- **REQUIREMENT**
Starting with the line that has "- Furasova, A.;" in the records below and stopping after the line that has "를 누른 직후 복사를 취소하려면 화면에서 <취소>를 선택하거나 조작 패널에서", output every line exactly and nothing else; skip pictures.

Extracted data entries
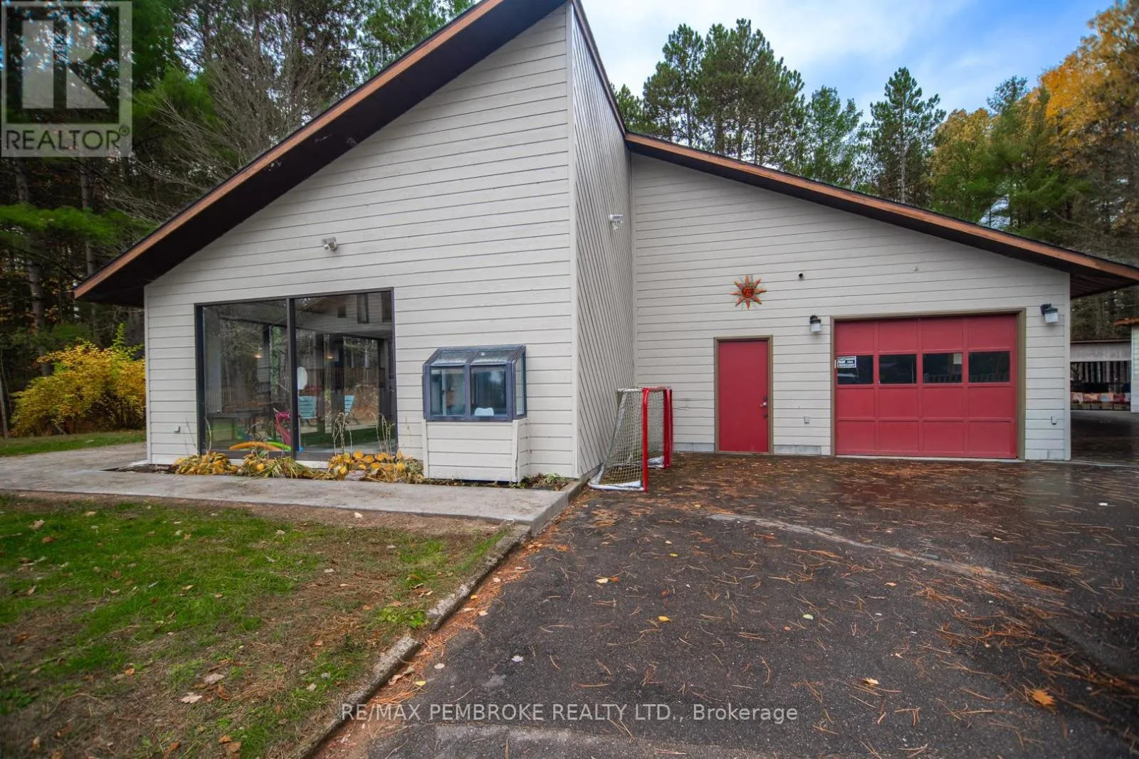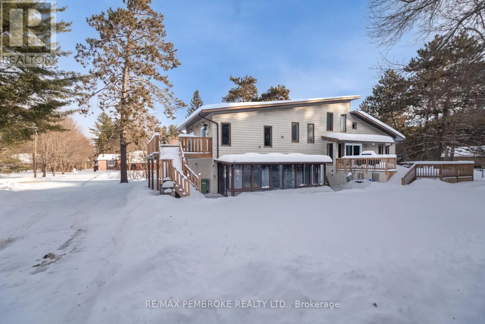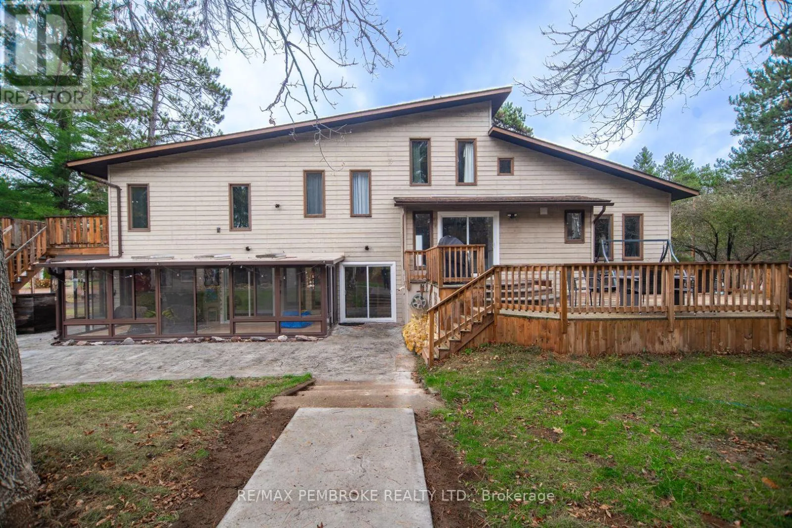 Cross Streets: Sylvan Drive and Airport Road. ** Directions: Highway 17 to Doran Road, left onto Airport Road to Sylvan Drive or Petawawa Boulevard to Airport Road to Sylvan. Welcome to your own slice of paradise! Nestled on a sprawling 1.65-acre lot with no rear neighbours, this impressive 2,500+ sq ft executive family home seamlessly blends luxury, comfort, and outdoor fun. The heart of the home boasts a stunning custom kitchen that will delight any chef. With it's expansive stone island and ample seating, you can whip up gourmet meals while engaging with family and friends. The breakfast nook offers a serene view, while the formal dining area is perfect for hosting dinner parties. The good sized living room features gorgeous cedar cathedral ceilings and a wood fireplace for those winter nights. On the third floor unwind in the spacious primary bedroom with a newly renovated modern en-suite. Step out onto the second-story balcony for a morning coffee. A large second bedroom and modern four piece washroom complete the third floor. Further up you will find an office that overlooks the living room and a third bedroom with a play area perfect for a kids room. The lower-level, which could be made into an in-law suite, features a spacious rec room with gas fireplace, a large fourth bedroom, modern bathroom and tons of storage. This property is an outdoor enthusiast's dream, featuring a basketball/tennis court and numerous outbuildings. Dive into a massive 53' x 22' pool house featuring a heated 40' in-ground pool that allows for year-round swimming complete with a 10-person hot tub. The spacious yard has new faux-slate concrete patios and walkways and is just a short bike ride to Turtle Park and Goltz Lake for the kids. With lush gardens and fruit trees, the underground sprinklers make it easy to maintain. This home has been lovingly maintained and upgraded, including new windows and a modern master bathroom. The memories created here are endless - from hosting jam nights in the music room to enjoying game nights with ping-pong and puzzles in the games room. If entertaining and family gatherings are your passion, this property is a must see! (id:27476)
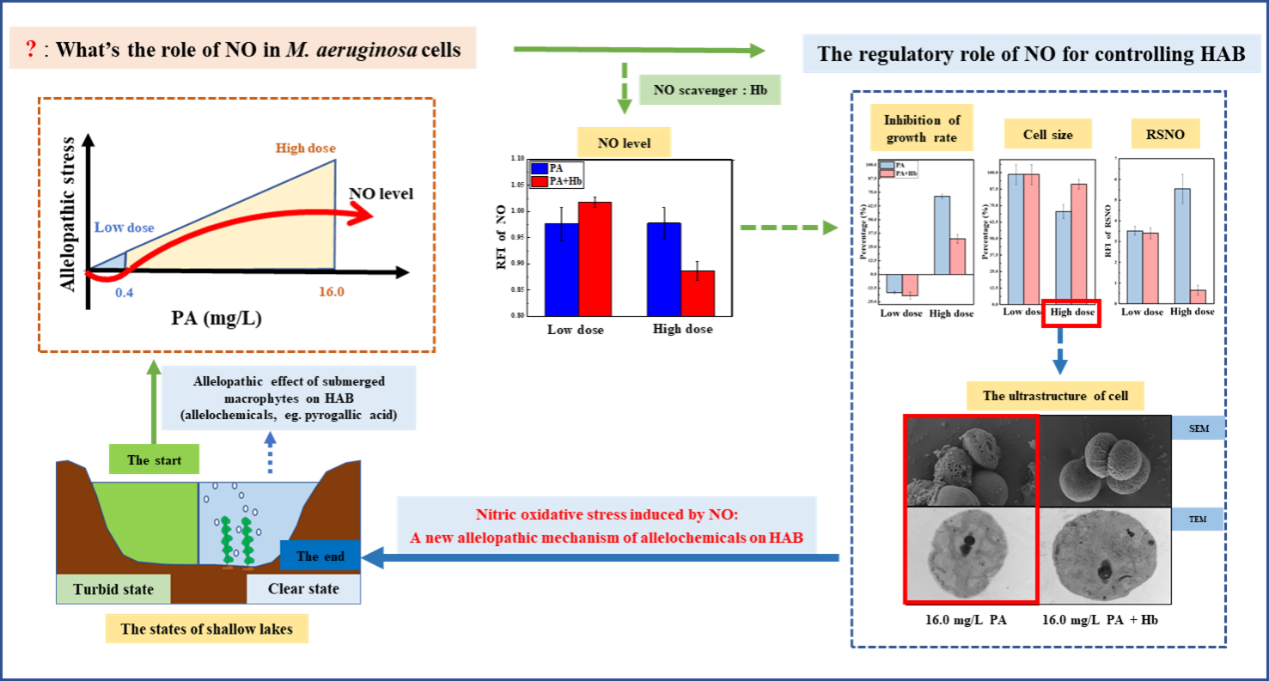 水体富营养化和有害藻华(HABs)一直以来是备受关注的水环境污染问题,利用水生植物化感作用对抑制有害藻华生长和构建健康的水生态系统起着至关重要的作用,但其机理仍有待深入系统研究。我院环境规划与管理学科方向何燕老师首次探讨了生物活性分子一氧化氮(NO)在水生植物分泌的典型多酚类化感物质焦性没食子酸(PA)抑制水华蓝藻铜绿微囊藻Microcystis aeruginosa过程中的双重作用。在低强度化感胁迫下,胞内NO发挥抗氧化功能,重建铜绿微囊藻胞内氧化还原环境的稳态。当化感应激增加至一定阈值,胞内NO与活性氧(ROS)共同作用产生RNS,RNS修饰蛋白质和脂质,导致一氧化氮氧化应激和不可逆的细胞损伤。研究结果强调了NO在淡水生态系统中水生植物对蓝藻铜绿微囊藻化感抑制中的双重作用。
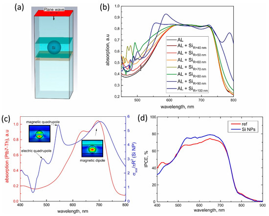 - Furasova, A.; Voroshilov, P.; Lamanna, E.; Mozharov, A.; Tsypkin, A.; Mukhin, I.; Barettin, D.; Ladutenko, K.; Zakhidov, A.; Di Carlo, A.; et al. Engineering the charge transport properties of resonant silicon nanoparticles in perovskite solar cells. Energy Technol. 2020, 8, 1900877. [Google Scholar] [CrossRef]
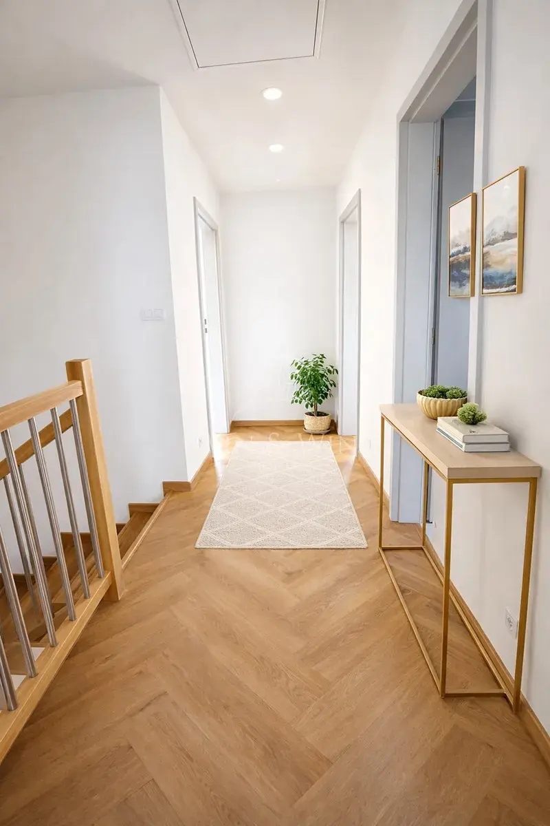 Horní patro nabízí dostatek soukromí pro každého člena rodiny – dva prostorné dětské pokoje, ložnici s vlastní šatnou a druhou koupelnu. V domě nechybí velká technická místnost ani prostorné zádveří, které oceníte při každodenním provozu. Samozřejmostí je také bidetová sprcha na toaletě.
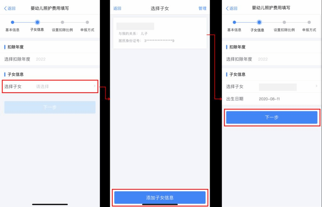 纳税人选择子女后,将回到“子女信息”界面,并显示子女的姓名与出生日期,子女信息确认无误后,点击“下一步”。
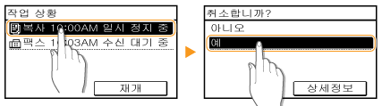 를 누른 직후 복사를 취소하려면 화면에서 <취소>를 선택하거나 조작 패널에서
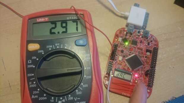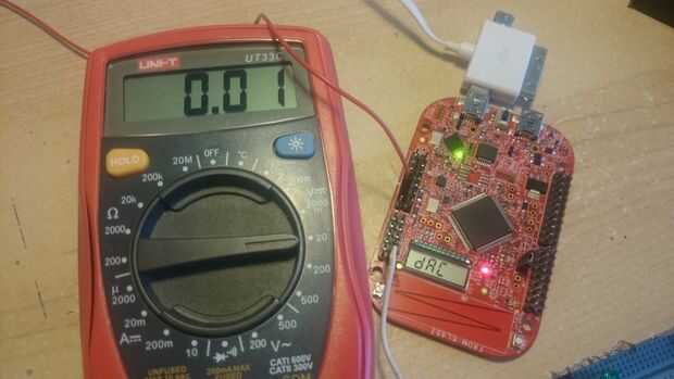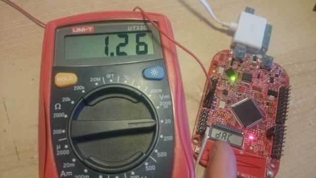 Como lo fue en ADC, aquí en CAD, también tenemos que crear el objeto pero en este caso sería AnalogOut name(DAC_PIN). He utilizado PTE30 como DAC0. Decidí integrar el regulador táctil con él (cómo comenzar con touch slider en que demostró). El multímetro muestra valor de PTE30 según donde pongo mi dedo en el touch slider. Con DAC también podemos generar la onda de seno o diente de sierra mediante las tablas con los valores apropiados. Para establecer el valor de la DAC salida que tenemos que utilizar name.write(value). Se llama a la función dac_programme() de la misma manera como ADC - en bucle infinito. El modo de funcionamiento de DAC señala el parpadeo del LED rojo.
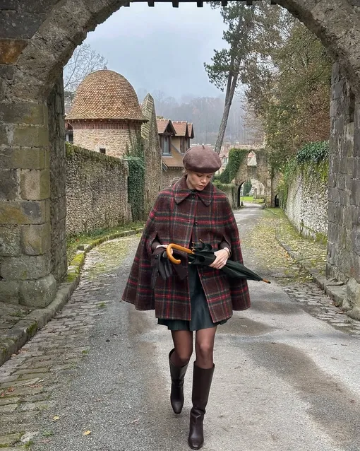 Если вы выбираете свой первый кейп, лучше всего обратить внимание на шерсть или кашемир. Более смелое решение — твид или букле. Также можно рассмотреть альтернативы из кожи или водонепроницаемых тканей. Как его носить? Главное правило — кейп всегда центр образа, поэтому остальные элементы лучше выдержать в лаконичной стилистике. В офис его можно надеть с костюмом, прямыми брюками и блузой, а также юбками и платьями разной длины, дополнив образ высокими сапогами. Для повседневных выходов подойдут джинсы и тонкий трикотаж. Если же вы собираетесь на светское мероприятие, выбирайте длинный кейп в комбинации с массивными украшениями и туфлями-лодочками. А чтобы не замерзнуть, обязательно добавьте колготки. Например, ультрамодные полупрозрачные. Кейп — это инвестиция, которая останется с вами на долгие годы. Он не только отражает главные тренды осени-2025, но и способен превратить любой выход в модное заявление.
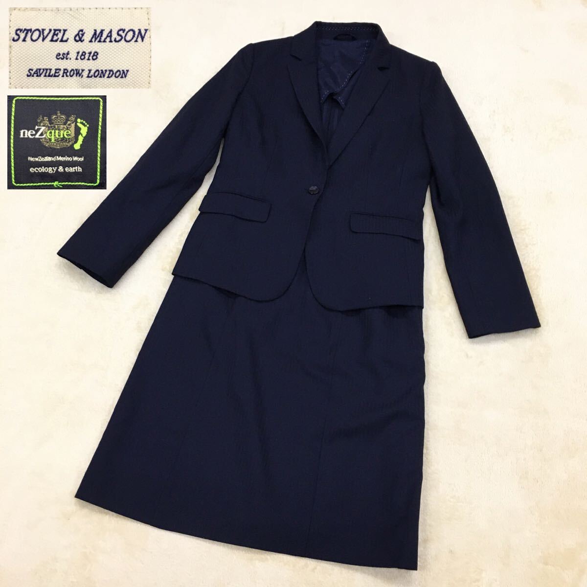 > neZque生地 ストーベルアンドメイソン はるやま メリノウール スカートスーツ上下 シャドーストライプ レディース 11号×9号 紺色
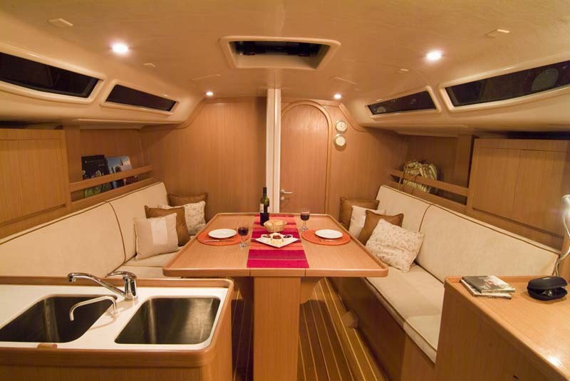 dos encostos dos sofás. Uma gaiuta e duas vigias garantem a boa circulação de ar
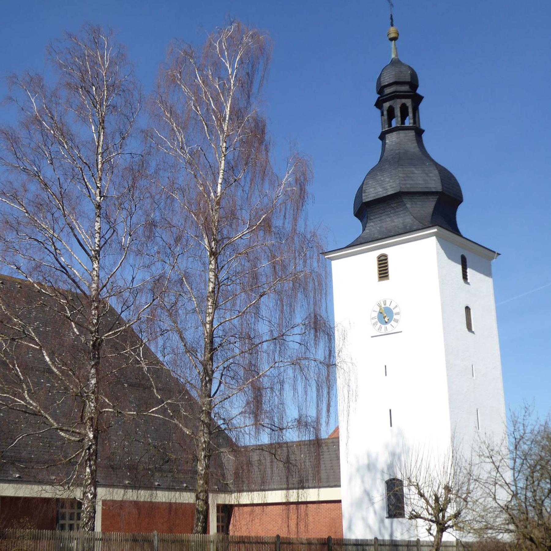 Der breite Turm der Pfarrkirche Mariä Himmelfahrt mit seiner Laternen-Zwiebel birgt in seinen wuchtigen Mauern einige kunstgeschichtliche Sehenswürdigkeiten, wie den Barockaltar und einige Grabtafeln der verschiedenen Schlossbesitzerfamilien aus der Vorgängerkirche.
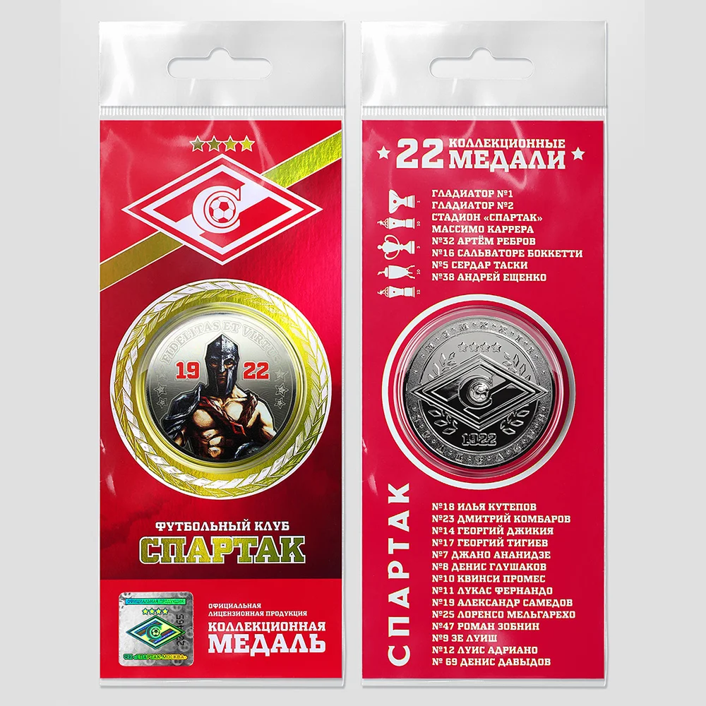 Продукция изготовлена в рамках лицензионного договора и каждое изделие защищено номерной лицензионной голограммой ФК "Спартак". Данная медаль станет отличным подарком коллекционеру и болельщику клуба! Диаметр - 40 мм. Не является платежным средством.
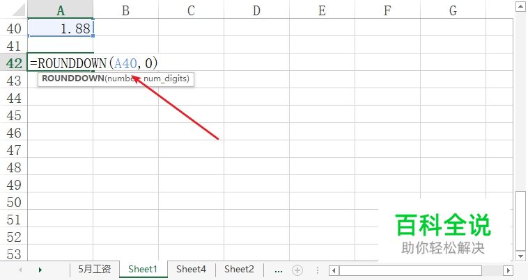 在A42单元格内输入函数公式“=rounddown(A40,1)”,rounddown是向下取整函数。
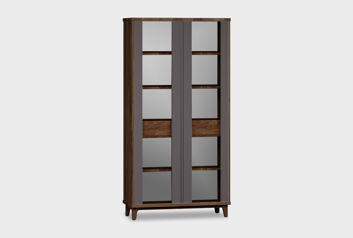 Двухдверная витрина Wallstreet в цвете «к-графит, ф-антрацит, вст-графит» выполнена в современном стиле Лофт с сочетанием текстуры натурального дерева и акцентных вставок. Светлый оттенок изделия придаст помещению атмосферу упорядоченности и спокойствия. Высокий шкаф с витриной отлично подойдет для гостиной или столовой.
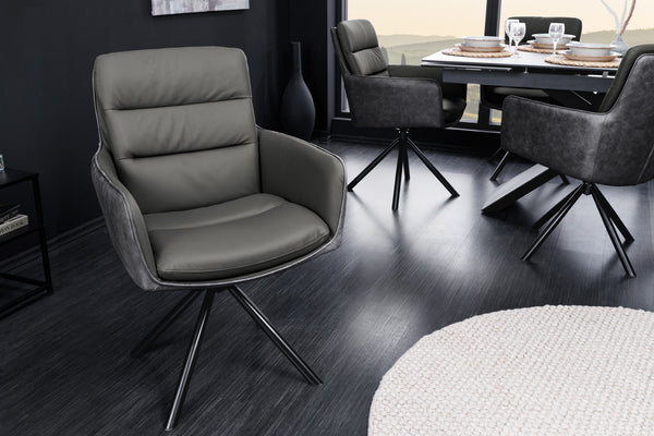EUPHORIA Drehbarer Design Stuhl Echtleder Metallgestell mit Armlehne

- **ANSWER BOX**
 - Furasova, A.; Voroshilov, P.; Lamanna, E.; Mozharov, A.; Tsypkin, A.; Mukhin, I.; Barettin, D.; Ladutenko, K.; Zakhidov, A.; Di Carlo, A.; et al. Engineering the charge transport properties of resonant silicon nanoparticles in perovskite solar cells. Energy Technol. 2020, 8, 1900877. [Google Scholar] [CrossRef]
 Horní patro nabízí dostatek soukromí pro každého člena rodiny – dva prostorné dětské pokoje, ložnici s vlastní šatnou a druhou koupelnu. V domě nechybí velká technická místnost ani prostorné zádveří, které oceníte při každodenním provozu. Samozřejmostí je také bidetová sprcha na toaletě.
 纳税人选择子女后,将回到“子女信息”界面,并显示子女的姓名与出生日期,子女信息确认无误后,点击“下一步”。
 를 누른 직후 복사를 취소하려면 화면에서 <취소>를 선택하거나 조작 패널에서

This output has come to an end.